Assigned task:
Below are records to be transcribed exactly; any pictures should be left out.

Records drawn from a dataset:
▼▼▼
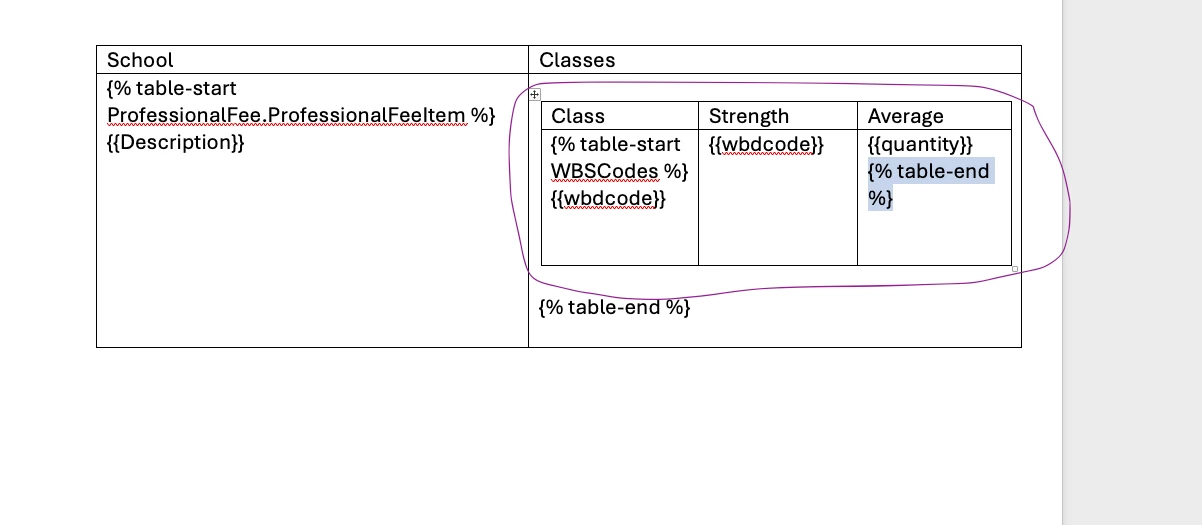 What tag should we applpy in order to display the inner table conditionally? The inner table should display only if the array WBSCodes is there in the json.
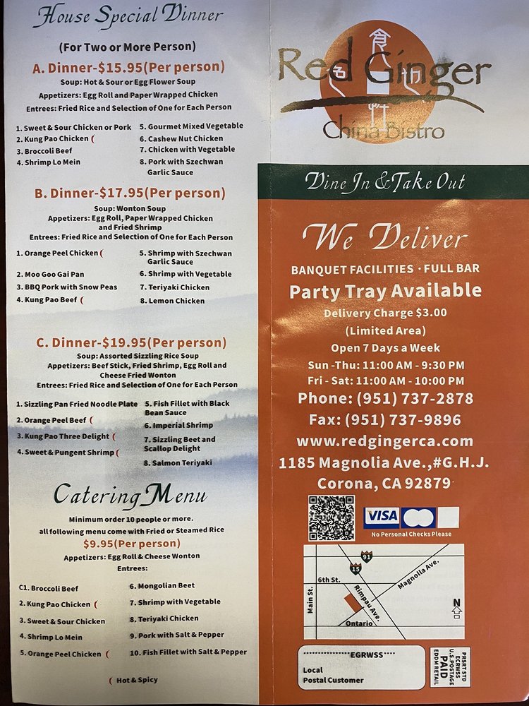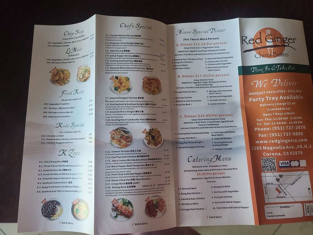 Red Ginger China Bistro, located in Corona, CA, offers a diverse menu with options for everyone. The restaurant provides a casual dining experience with vegan and vegetarian choices, along with a full bar and Wi-Fi accessibility. Customers praise the flavorful dishes, such as the Three Flavor Sizzling Rice Soup and the sweet and sour chicken. The attentive service and family-friendly atmosphere make this spot a favorite in the area. With generous portion sizes and affordable prices, Red Ginger China Bistro stands out for its authentic Chinese cuisine. Don't miss out on their Moo Shu options and be sure to say hi to Tom, a friendly member of the staff, when you visit. Whether dining in or ordering takeout, this restaurant's delicious meals and welcoming vibe will leave you satisfied and coming back for more.
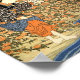 Outra impressão do famoso artista japonês Utagawa Kuniyoshi que trabalhou no século 19. Utagawa criou muitos impressões com mulheres como tema principal. Nesta impressão, vemos 3 mulheres japonesas atravessando um pequeno rio ou riacho, enquanto tentamos não molhar seus kimonos da água. Este é um impressão muito colorido quando comparado a outros trabalhos de arte daquele tempo. Foram usadas cores brilhantes e felizes - vermelho, azul, azul claro, branco / cor rosa, amarelo, castanho e muito mais. Como de costume, Utagawa assinou a trabalho de arte em caracteres Kanji e Hiragana (escrevendo japonês).
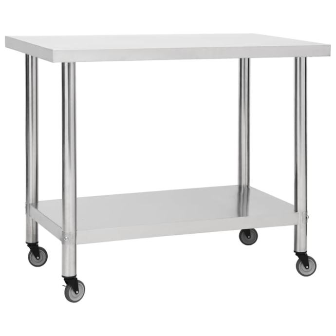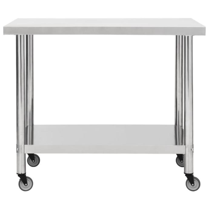 Ovaj gastronomski radni stol izrađen je od nehrđajućeg čelika, izdržljivog za doživotnu upotrebu. Glatka površina otporna je na koroziju i lako se čisti. Donja ploča nudi dodatni prostor za pohranu. Radni stol ima 4 pomična kotača tako da ga možete slobodno pomicati uokolo. Osim toga, 2 kotača imaju kočnice koje drže stol na mjestu.
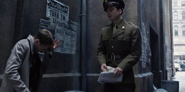 El hombre que disolvió a los Vengadores tuvo un debut relativamente decepcionante. Al venir al rescate de Steve en el callejón trasero de un cine, Bucky aparece por primera vez con su uniforme del ejército después de haber sido reclutado en el 107 (la antigua infantería del padre de Steve).
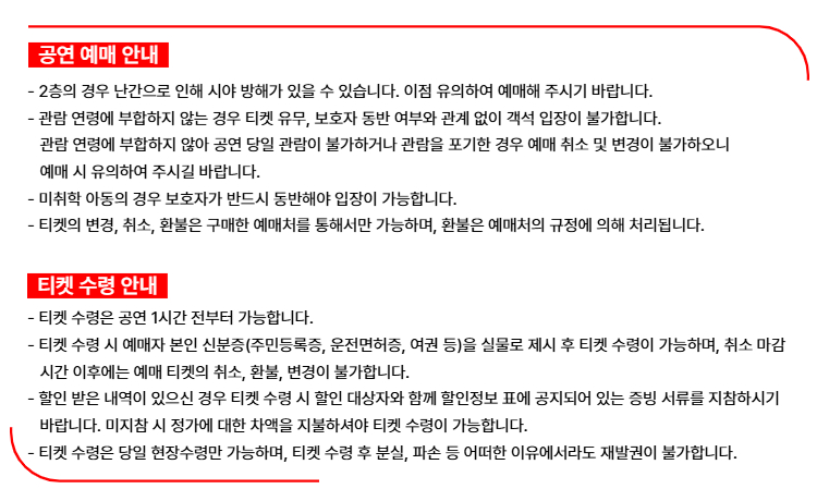 · 관람연령: 만 7세(2017년생) 이상 관람가능(생년월일 증빙자료 지참 필수)
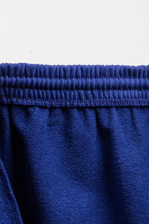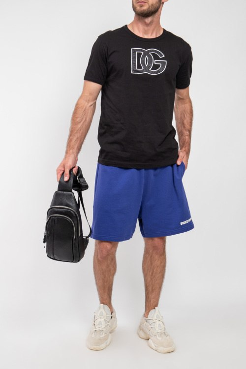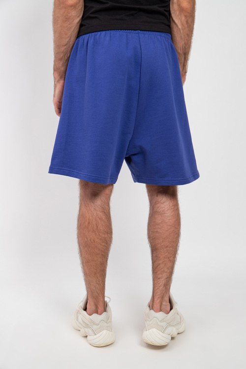 Мужские синие хлопковые шорты от Balenciaga (Баленсиага). Эластичный пояс, боковые карманы, принт с логотипом, длина до колен.
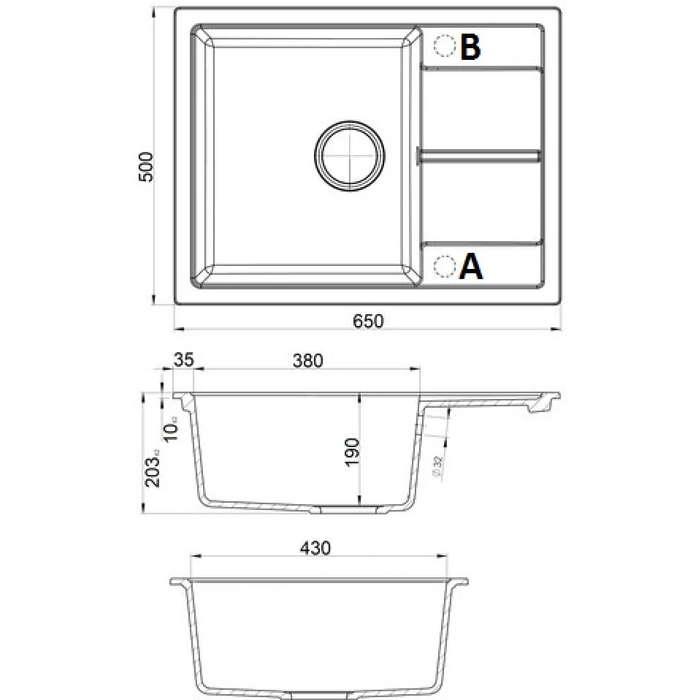 Chiuveta Fabiano Cubix 65x50 Antracit
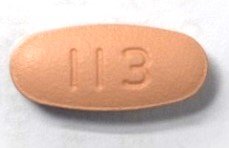 Tan, Oval, Film-coated Tablet. Debossed with “113” on one side and plain on the other side.
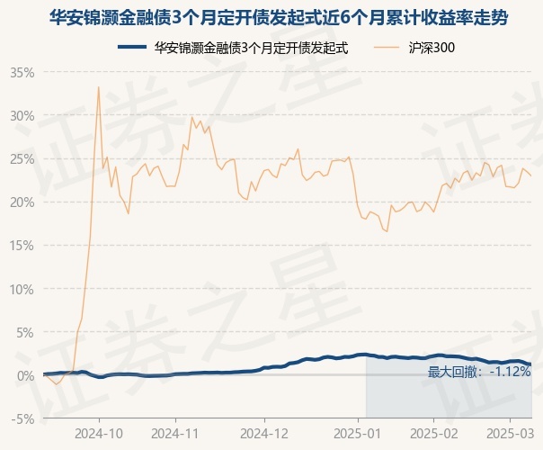 证券之星消息,3月10日,华安锦灏金融债3个月定开债发起式最新单位净值为1.0316元,累计净值为1.1206元,较前一交易日下跌0.05%。历史数据显示该基金近1个月下跌0.91%,近3个月下跌0.11%,近6个月上涨1.18%,近1年上涨3.27%。该基金近6个月的累计收益率走势如下图:
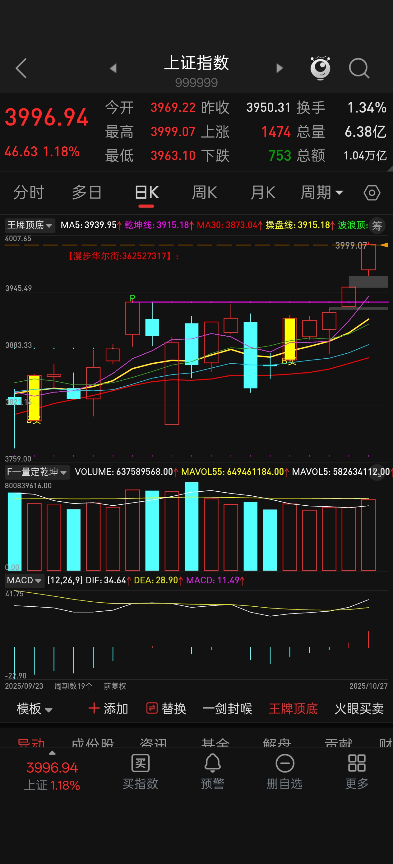 $上证指数(SH000001)$ 周二,准备冲过4000点啦,明天有获利的准备冲高高抛吧,明天冲高回落,个人允许收个一个小阳线,同意的赞赞
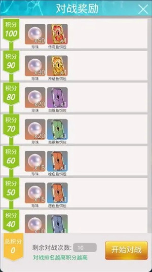 4、每日都会刷新免费10次的对战次数,只要按照攻略方法去操作,那么海量的珍珠、鱼饵统统都收入囊中,助您快人一步升级鱼饵,高等级鱼饵也将助你在【重量赛】收获更重的渔获!
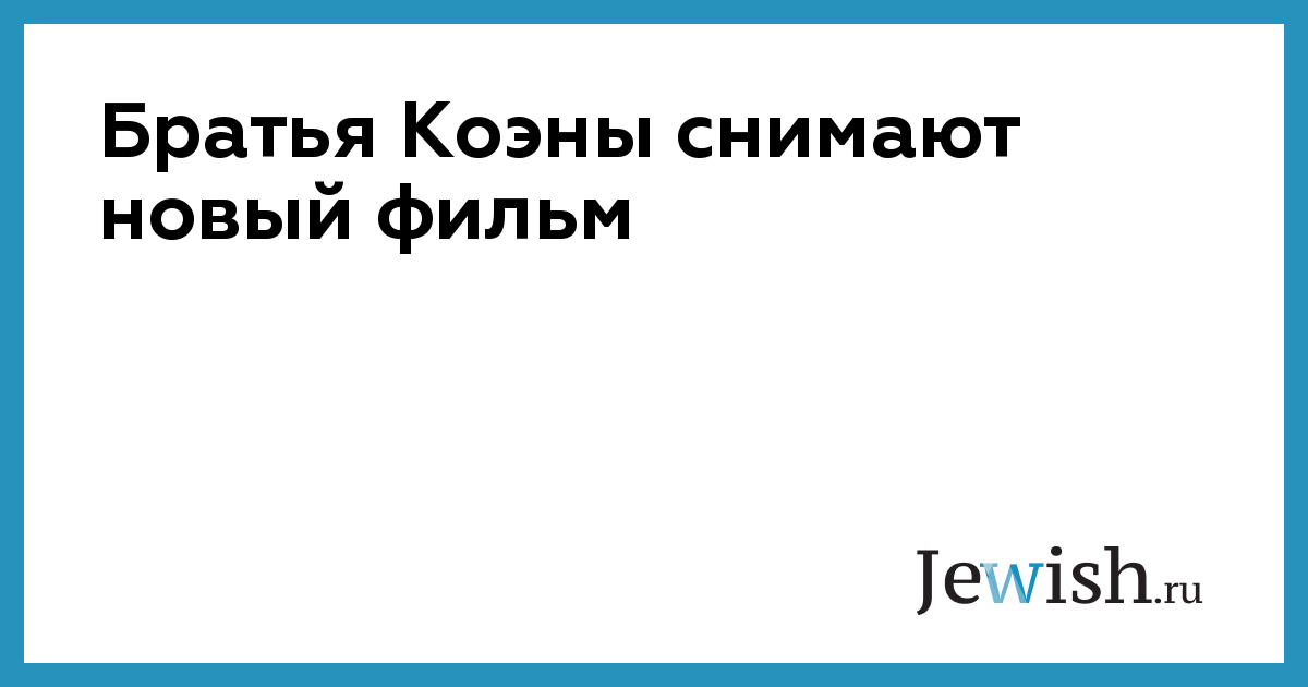Братья Коэны снимают новый фильм
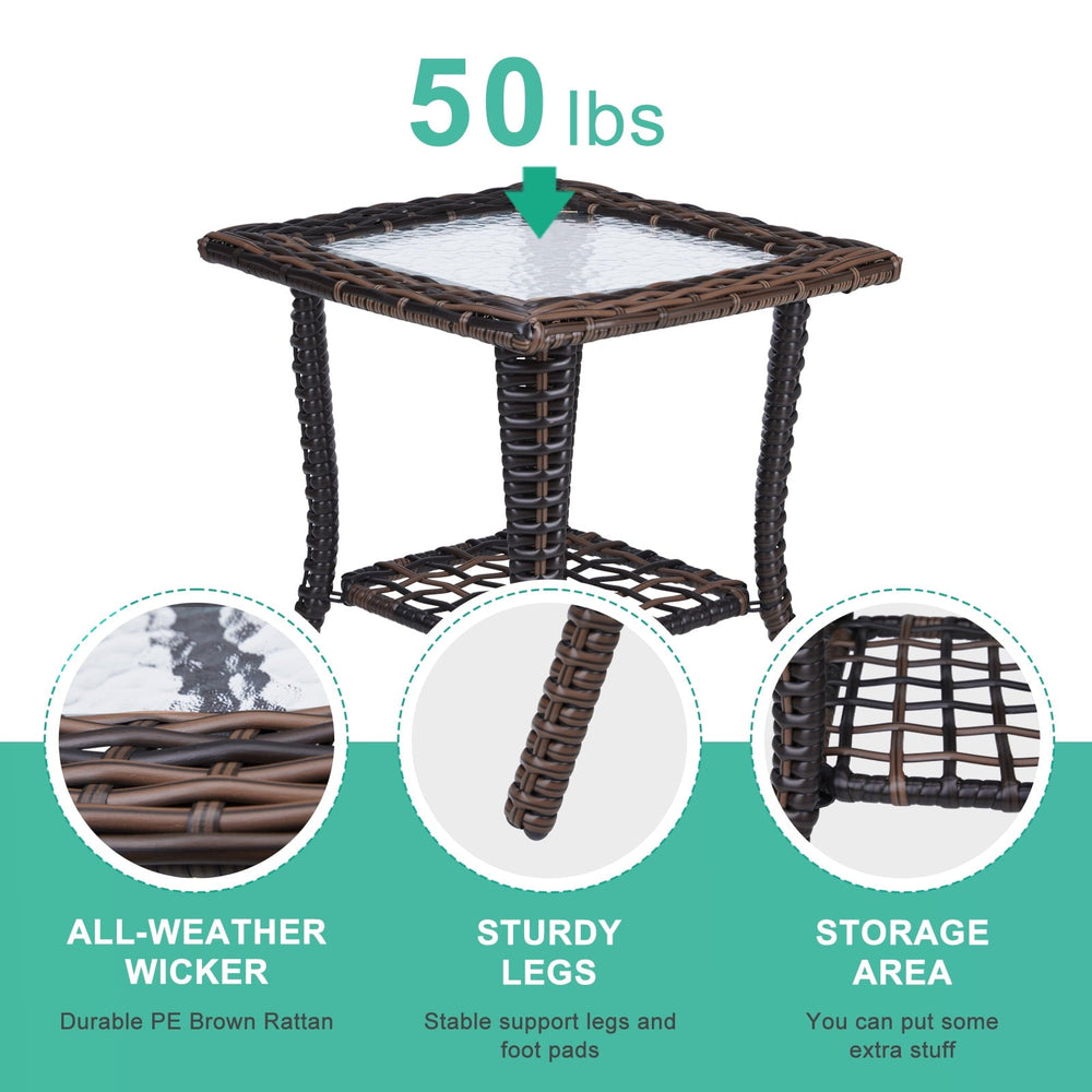 Buytoshop Outdoor Patio Square HDPE Side Table,Black
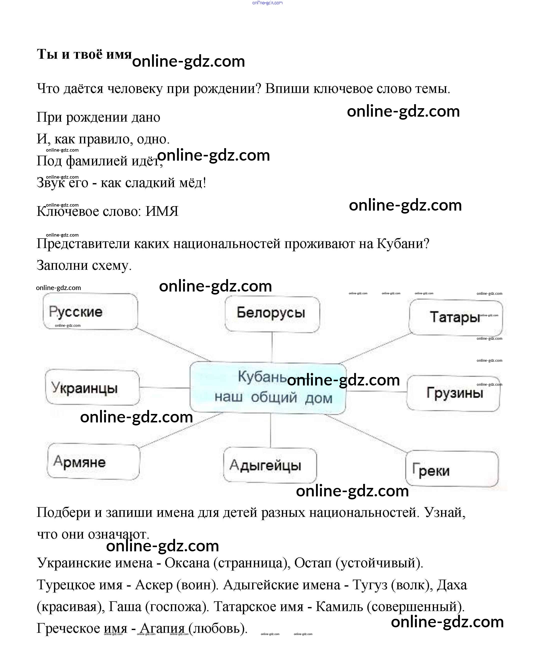 Готовые домашние задания по Кубановедению за 3 класс Рабочая тетрадь Науменко 2017 - Темы Ты и твое имя
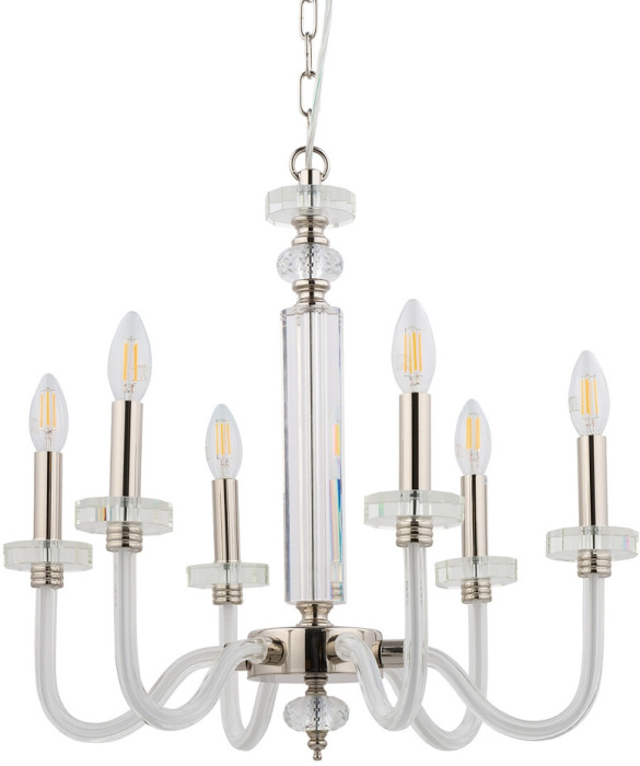 Осветительный прибор сделан в стиле Классический. Подходят лампочки с цоколем E14 мощностью 240 Вт, количеством 6 ед. Основной цвет модели 8154: Хром.
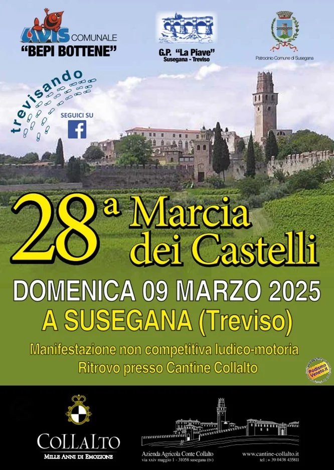 Domenica 9 marzo – Corsa/camminata non competitiva su tre percorsi di 4 km, 7 km, 13 km e 19 km con partenza libera dalle ore 7:30 alle ore 9:00. Ritrovo Cantine Collalto ore 7:00
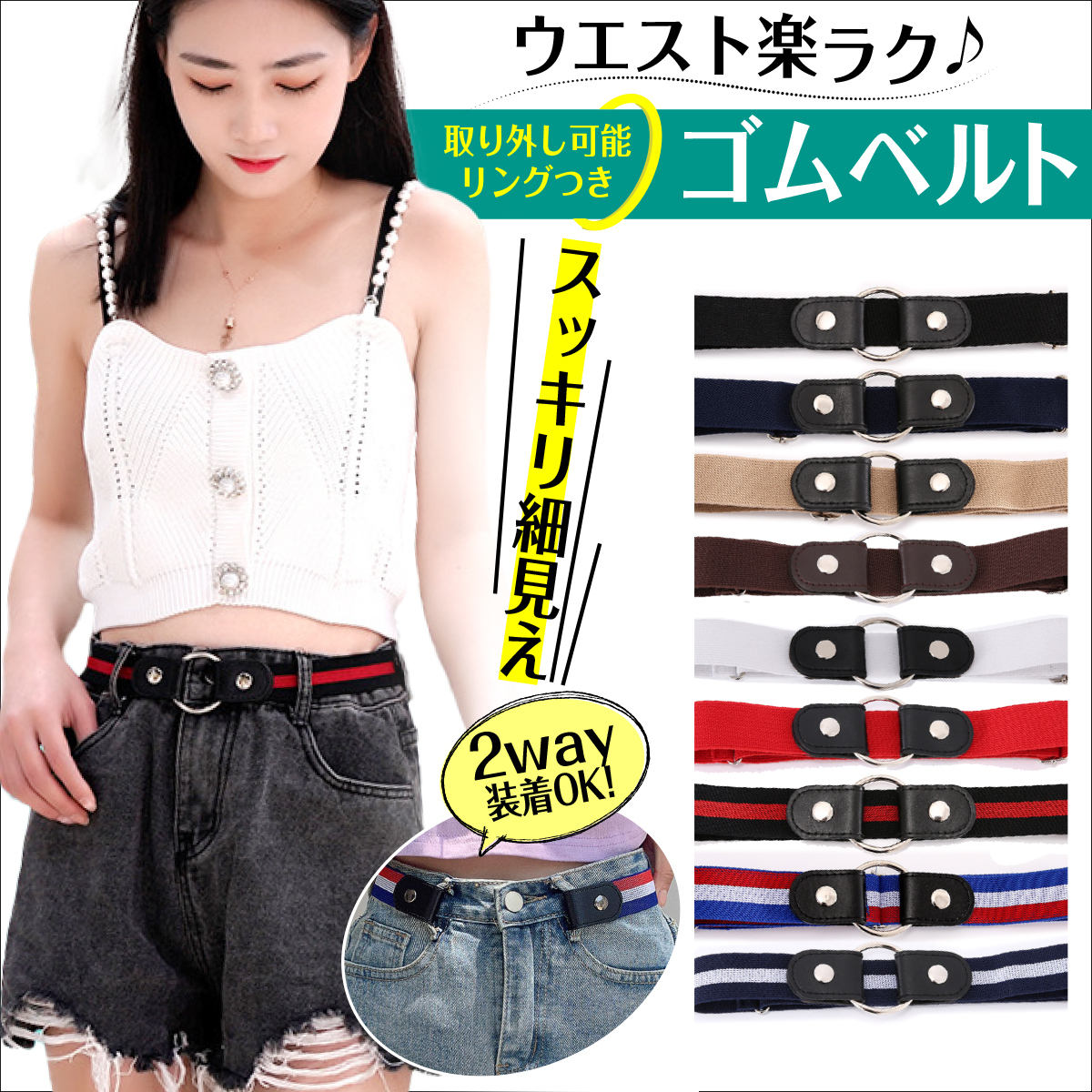 ゴムベルト レディース ベルト カジュアル ウエスト調整 ノーバックル ベルトレディース
▲▲▲
Completed exercise:
 What tag should we applpy in order to display the inner table conditionally? The inner table should display only if the array WBSCodes is there in the json.
 Red Ginger China Bistro, located in Corona, CA, offers a diverse menu with options for everyone. The restaurant provides a casual dining experience with vegan and vegetarian choices, along with a full bar and Wi-Fi accessibility. Customers praise the flavorful dishes, such as the Three Flavor Sizzling Rice Soup and the sweet and sour chicken. The attentive service and family-friendly atmosphere make this spot a favorite in the area. With generous portion sizes and affordable prices, Red Ginger China Bistro stands out for its authentic Chinese cuisine. Don't miss out on their Moo Shu options and be sure to say hi to Tom, a friendly member of the staff, when you visit. Whether dining in or ordering takeout, this restaurant's delicious meals and welcoming vibe will leave you satisfied and coming back for more.
 Outra impressão do famoso artista japonês Utagawa Kuniyoshi que trabalhou no século 19. Utagawa criou muitos impressões com mulheres como tema principal. Nesta impressão, vemos 3 mulheres japonesas atravessando um pequeno rio ou riacho, enquanto tentamos não molhar seus kimonos da água. Este é um impressão muito colorido quando comparado a outros trabalhos de arte daquele tempo. Foram usadas cores brilhantes e felizes - vermelho, azul, azul claro, branco / cor rosa, amarelo, castanho e muito mais. Como de costume, Utagawa assinou a trabalho de arte em caracteres Kanji e Hiragana (escrevendo japonês).
 Ovaj gastronomski radni stol izrađen je od nehrđajućeg čelika, izdržljivog za doživotnu upotrebu. Glatka površina otporna je na koroziju i lako se čisti. Donja ploča nudi dodatni prostor za pohranu. Radni stol ima 4 pomična kotača tako da ga možete slobodno pomicati uokolo. Osim toga, 2 kotača imaju kočnice koje drže stol na mjestu.
 El hombre que disolvió a los Vengadores tuvo un debut relativamente decepcionante. Al venir al rescate de Steve en el callejón trasero de un cine, Bucky aparece por primera vez con su uniforme del ejército después de haber sido reclutado en el 107 (la antigua infantería del padre de Steve).
 · 관람연령: 만 7세(2017년생) 이상 관람가능(생년월일 증빙자료 지참 필수)
 Мужские синие хлопковые шорты от Balenciaga (Баленсиага). Эластичный пояс, боковые карманы, принт с логотипом, длина до колен.
 Chiuveta Fabiano Cubix 65x50 Antracit
 Tan, Oval, Film-coated Tablet. Debossed with “113” on one side and plain on the other side.
 证券之星消息,3月10日,华安锦灏金融债3个月定开债发起式最新单位净值为1.0316元,累计净值为1.1206元,较前一交易日下跌0.05%。历史数据显示该基金近1个月下跌0.91%,近3个月下跌0.11%,近6个月上涨1.18%,近1年上涨3.27%。该基金近6个月的累计收益率走势如下图:
 $上证指数(SH000001)$ 周二,准备冲过4000点啦,明天有获利的准备冲高高抛吧,明天冲高回落,个人允许收个一个小阳线,同意的赞赞
 4、每日都会刷新免费10次的对战次数,只要按照攻略方法去操作,那么海量的珍珠、鱼饵统统都收入囊中,助您快人一步升级鱼饵,高等级鱼饵也将助你在【重量赛】收获更重的渔获!
Братья Коэны снимают новый фильм
 Buytoshop Outdoor Patio Square HDPE Side Table,Black
 Готовые домашние задания по Кубановедению за 3 класс Рабочая тетрадь Науменко 2017 - Темы Ты и твое имя
 Осветительный прибор сделан в стиле Классический. Подходят лампочки с цоколем E14 мощностью 240 Вт, количеством 6 ед. Основной цвет модели 8154: Хром.
 Domenica 9 marzo – Corsa/camminata non competitiva su tre percorsi di 4 km, 7 km, 13 km e 19 km con partenza libera dalle ore 7:30 alle ore 9:00. Ritrovo Cantine Collalto ore 7:00
 ゴムベルト レディース ベルト カジュアル ウエスト調整 ノーバックル ベルトレディース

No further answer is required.